Work instructions: Starting with the line where "Inactive biomass. |" appears, print every line through the end of the entries below exactly as it stands, and leave out the pictures.

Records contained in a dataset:
==========
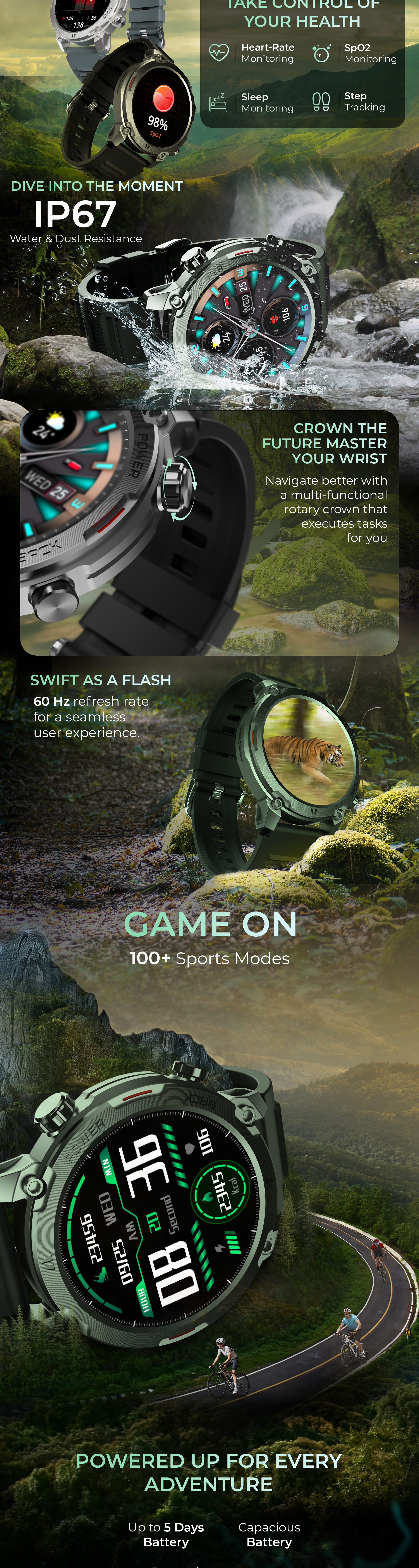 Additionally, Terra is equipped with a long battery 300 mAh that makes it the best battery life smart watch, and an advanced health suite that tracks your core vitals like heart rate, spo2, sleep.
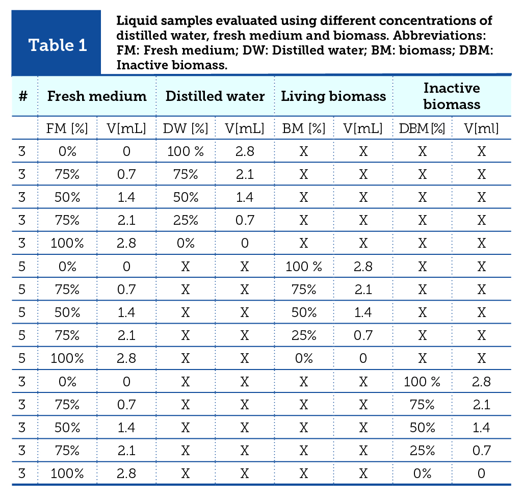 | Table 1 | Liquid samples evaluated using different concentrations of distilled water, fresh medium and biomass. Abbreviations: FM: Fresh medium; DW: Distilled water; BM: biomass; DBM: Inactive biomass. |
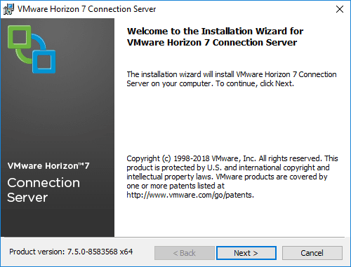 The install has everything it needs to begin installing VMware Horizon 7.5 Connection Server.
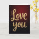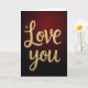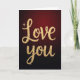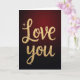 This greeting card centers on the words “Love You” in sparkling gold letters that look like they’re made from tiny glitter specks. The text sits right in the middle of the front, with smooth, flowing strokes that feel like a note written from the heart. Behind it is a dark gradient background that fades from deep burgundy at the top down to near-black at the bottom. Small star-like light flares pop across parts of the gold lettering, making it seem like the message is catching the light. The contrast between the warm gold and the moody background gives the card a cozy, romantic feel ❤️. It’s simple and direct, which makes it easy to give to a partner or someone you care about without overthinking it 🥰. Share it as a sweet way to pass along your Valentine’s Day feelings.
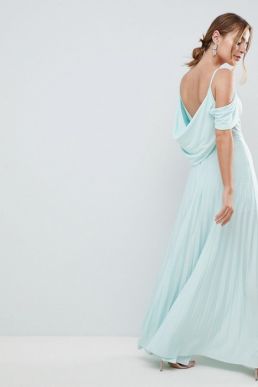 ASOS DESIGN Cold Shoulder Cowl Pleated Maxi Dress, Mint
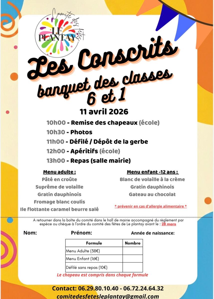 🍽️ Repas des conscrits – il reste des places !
==========
Task output:
 | Table 1 | Liquid samples evaluated using different concentrations of distilled water, fresh medium and biomass. Abbreviations: FM: Fresh medium; DW: Distilled water; BM: biomass; DBM: Inactive biomass. |
 The install has everything it needs to begin installing VMware Horizon 7.5 Connection Server.
 This greeting card centers on the words “Love You” in sparkling gold letters that look like they’re made from tiny glitter specks. The text sits right in the middle of the front, with smooth, flowing strokes that feel like a note written from the heart. Behind it is a dark gradient background that fades from deep burgundy at the top down to near-black at the bottom. Small star-like light flares pop across parts of the gold lettering, making it seem like the message is catching the light. The contrast between the warm gold and the moody background gives the card a cozy, romantic feel ❤️. It’s simple and direct, which makes it easy to give to a partner or someone you care about without overthinking it 🥰. Share it as a sweet way to pass along your Valentine’s Day feelings.
 ASOS DESIGN Cold Shoulder Cowl Pleated Maxi Dress, Mint
 🍽️ Repas des conscrits – il reste des places !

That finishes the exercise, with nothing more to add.